MGFs and a string of 9's in a particular number

Question

I've been working through Sedgewick and Flajolet's Analytic Combinatorics and am stuck on a particular problem:

III.21. After Bhaskara Acharya (circa 1150AD). Consider all the numbers formed in decimal with digit 1 used once, with digit 2 used twice, $\dots$, with digit 9 used nine times. Such numbers all have 45 digits. Compute their sum $S$ and discover, much to your amazement, that $S$ equals 4587555960000615321908476928639999999999999999541244403999938467809152 30713600000. This number has a long run of nines. Is there a simple explanation?

I reasoned that, by grouping terms into groups of size 45 where there is one number with a 1 as the $k^{th}$ digit, two numbers with a 2 as the $k^{th}$ digit, etc. the expected value of the $k^{th}$ digit of $S$ is $(1^2 + 2^2 + \ldots + 9^2)/(1+2+\ldots+ 9 = \frac{285}{45}=\frac{19}{3})$. The number of terms in the sum is $\binom{45}{1,2,\ldots,9}$, so $S = \frac{19}{3}(1+10+\ldots+10^{45})\binom{45}{1,2,\ldots,9} = \frac{19}{3}(\frac{10^{46}-1}{9})\binom{45}{1,2,\ldots,9}$, which checks. But I have no idea where to go from here - the problem is in the chapter on multivariate generating functions, but I don't know how I could use those to find a particular string of 9's in the 10-ary expansion of a number.

Answer 1

I've been thinking of this problem on and off for more than a day, and at the end the answer I've reached is very trivial and already implicit in your calculations.

Specifically, it's just this simple fact:

Lemma: If a number $A$ has $n$ digits, then for $m > n$, the number $A(10^m - 1)$ has a run of $m-n$ nines, namely in the positions having place value $10^n$ to $10^{m-1}$.

The proof is simple: $A(10^m - 1) = A(10^m) - A$, and the subtraction looks like

  abc...xyz000...000000...000
-                   abc...xyz
  ---------------------------
  abc...xyZ999...999jkl...pqr

Or to write it formally, observe that $$A(10^m-1) = B 10^n + (10^n - A)$$ where $$B = (A-1)10^{m-n} + (10^{m-n} - 1),$$ so the digits in places $n$ to $m-1$ (counting from the right, starting with $0$) of $A(10^m - 1)$ are the last $m-n$ digits of $B$, which form the number $10^{m-n} - 1$ which is a string of $m-n$ nines.

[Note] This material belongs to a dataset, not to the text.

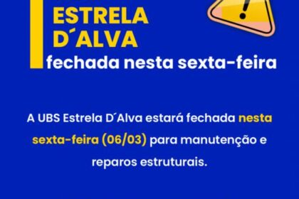 A Prefeitura de Jataí, por meio da Secretaria Municipal de Saúde, informa que a UBS Estrela Dalva estará fechada nesta sexta-feira (06/03) para a realização de manutenção e reparos estruturais na unid...

Now of course for the sum $S$ of this problem, if we write down all $N$ numbers one below the other and let $C$ be the sum of the digits in a single column, then (as both you and Ross's answer calculated), we have $$S = C(1 + 10 + 10^2 + \dots + 10^{44}) = C\left(\frac{10^{45} - 1}{10 - 1}\right),$$ $$C = N\left(\frac{1^2 + 2^2 + \dots + 9^2}{1 + 2 + \dots + 9}\right),$$ $$N = {45 \choose 1, 2, \cdots, 9} = \frac{45!}{1!2!\cdots9!}.$$

Doing the calculations gives $C = 412880036400055378971762923577600000$, which ends in five zeroes (and is divisible by $9$ -- both facts you can prove by looking at powers of $3$, $2$ and $5$ in the expression for $N$), so with $A = C/(9 \times 10^5)$ we have $$S = C\left(\frac{10^{45} - 1}{9}\right) = A(10^{45}-1) \times 10^{5},$$ and as $A$ is a $30$-digit number, this means that $N$ has a run of nines from position $30+5$ to position $45-1+5$, which is precisely what is observed.

Answer 2

Not a generating function approach, but I would just calculate how many numbers there are. The digits will appear in their proper proportion ($\frac 1{45} 1's, \dots \frac 9{45} 9's$), so if there are $N$ numbers the sum will be $\frac N{45}(1^2+2^2+\dots 9^2)(\frac {10^{45}-1}9)$ where the last factor is the number with $45\ 1's$

To evaluate $N$, we can choose where the $9's$ go in $45 \choose 9$ ways, where the $8's$ then go in $36 \choose 8$ ways and so on. So we have $N={45 \choose 9}{36 \choose 8}{28 \choose 7}\dots {1 \choose 1}$ and the total sum is$$\frac 1{45}{45 \choose 9}{36 \choose 8}{28 \choose 7}\dots {1 \choose 1}\frac {9\cdot 10\cdot 19}6(\frac {10^{45}-1}9)=\\\frac 1{45}\cdot 65191584694745586153436251091200000\cdot 285(\frac {10^{45}-1}9)=\\45875559600006153219084769286399999999999999954124440399993846780915230713600000$$ This is not going to give a nice explanation of the run of nines.